Света покрылась красными пятнами, и Ленка успокаивающе погладила её по плечу:

— Свет, да не обращай внимания просто. Ему станет скучно, и он отстанет.

Света отвернулась, хоть и было видно, что далось ей это с большим трудом: она уже нервно вертела в руках циркуль, готовая вот-вот засунуть его куда-нибудь в Даню, где помягче. Он лишь цокнул и опёрся на спинку стула, развалившись. Жизнь снова стала невыносимо пресной.

— Сейчас я включу верхний свет и отключу все остальные осветительные приборы, — Алевтина Фёдоровна щёлкнула выключателем, — Посмотрите на пол. Видите, что все ваши тени смотрят в одну и ту же сторону? Это потому, что…

— Алевтина Фёдоровна! — вновь завизжала Света своим невыносимо писклявым голосом. Даня закатил глаза, — Смотрите, у Дани нет тени!

Алевтина Фёдоровна вновь сжала губы в тонкую узкую линию. Стёкла её очков недобро блеснули, и она подошла к Свете.

— Что вы такое говорите? Если бы слушали меня внимательно, вы бы знали, что любой материальный объект отбрасывает тень, и совершенно невозможно, чтобы какой-либо человек… Ох! — внезапно прервав монотонное бурчание, воскликнула Алевтина Фёдоровна.

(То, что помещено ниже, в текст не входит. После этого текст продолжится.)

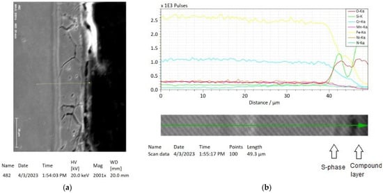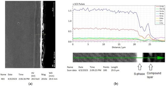 The elemental composition of the nitrided layers on an AISI 316L steel was determined via line EDS analysis with device Bruker. The distribution of elements in the surface layer after nitriding at 430 °C/12 h is shown in Figure 7. The formation of iron and chromium nitrides is confirmed by the increased presence of elements iron (Fe), chromium (Cr), and nitrogen (N) in the compound layer. Below, there is a thin layer of the expanded austenite (S-phase) with decreased content of Fe and Cr. Above the S-phase toward to the surface, an increased presence of Fe, Cr, and N can be observed at distances from 22 to 25 μm in Figure 7. This is caused by formation of compound layer formed from metal elements (Fe, Cr) diffused from steel core and nitrogen (N) diffused from the ionized H2-N2 plasma.
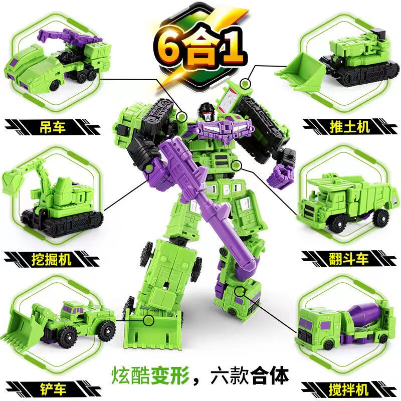 变形玩具小力神大力神六合体组合金刚工程车挖掘机机器人男孩模型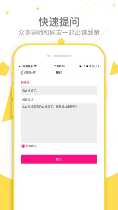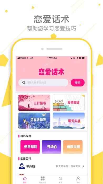 谈恋爱最重要的是谈,可是谈的时候我们会遇到各种各样的问题: 和女生聊天没有话题? 不知道怎么逗乐女生? 女生生气了不会哄? 不知道怎么让女生愿意跟你聊下去? 不知道女生对你有没有意思? 恋爱话术,一款可以帮你解决以上烦恼的App,10W+话术库,遇到不知道怎么回复女生时,来这里搜一下,N+精彩回复供您选择,帮助您更好的谈恋爱,更有问答社区和网友们共同交流。 【核心功能】 1. 10W+话术供您搜索,遇到不知道怎么回复妹子时,来App搜一下,N+精彩回复拉近跟妹子的距离; 2. 问答社区,有问题可以在问答社区提问,众多导师和网页为您解答; 3.恋爱表情包,表情包很多,套路也很多; 4.三行情书,让爱情充满浪漫的感觉; 【产品特点】 1. 内容丰富,海量的话术供您搜索,帮助解决聊天中各种实际问题; 2. 问答社区提供交流平台,聚焦恋爱聊天技巧,跟有经验的人一同探讨; 3. 支持匿名提问,保护用户隐私。1. 修复已知问题 2. 优化使用体验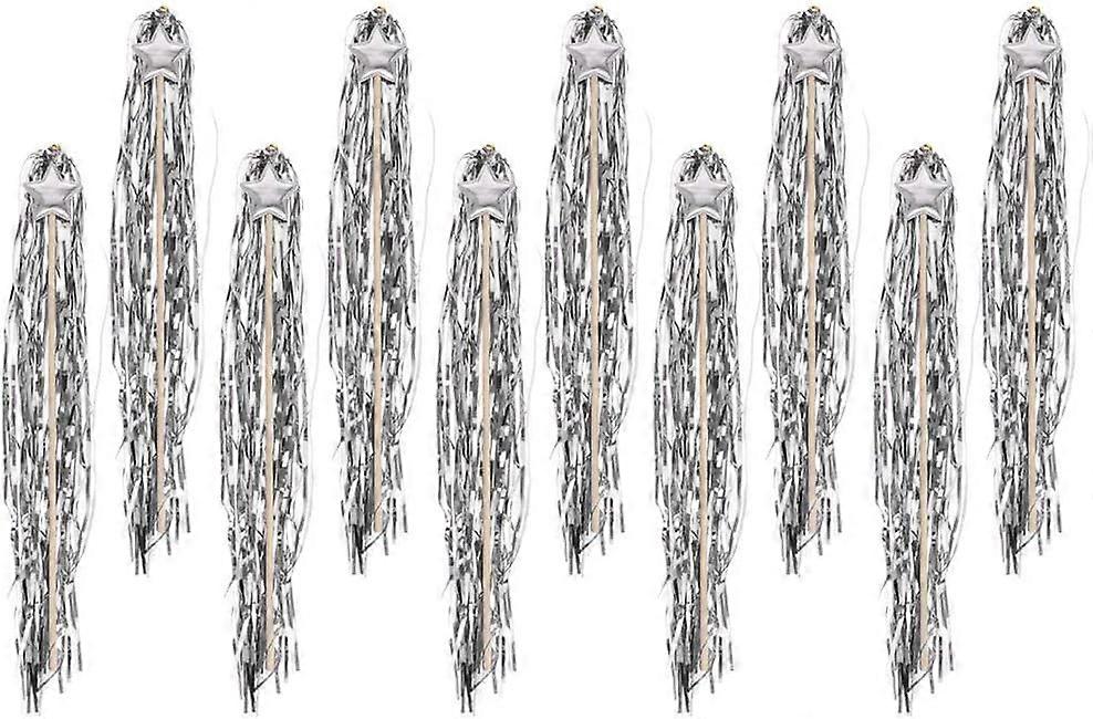 10pcs Star Shape Ribbon Wands Glitter Tinsel Fairy Magic Ribbon Wands Sticks Wedding Photo Prop - Silver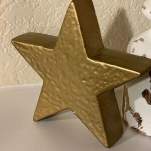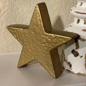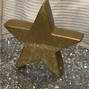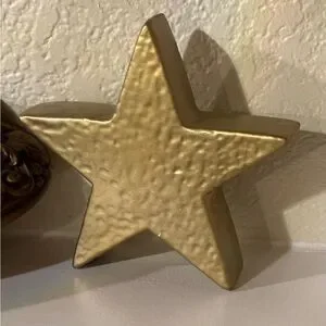Elegant gold star display. Perfect for adding a touch of gold to any decor. Can also be used as background for posh pictures. I believe it’s a type of ceramic or clay.

Она оказалась рядом со столом Дани, и тот лениво повернулся к ней, не очень-то понимая, что вообще происходит.

— Это… Это просто невозможно… — пробормотала Алевтина Фёдоровна, сняла очки, протёрла линзы и снова надела, — Однако… Однако…

Класс, вы свободны. Загляните в столовую пораньше, только тихо, как мыши.

Все тут же начали собираться, и Алевтина Фёдоровна вдруг произнесла:

— Даниил, Дмитрий, Сергей. Останьтесь на несколько минут.

Даня услышал, как друзья, сидящие позади него, начали недовольно вздыхать на разные лады. Когда все одноклассники вышли из кабинета, Алевтина Фёдоровна строго спросила:

— Вы замечали, что у Дани нет тени?

Все как один покачали головами из стороны в сторону. Алевтина Петровна устало выдохнула:

— Может, подозреваете, когда она могла пропасть? Не замечали, что Даня как-то изменился в последнее время?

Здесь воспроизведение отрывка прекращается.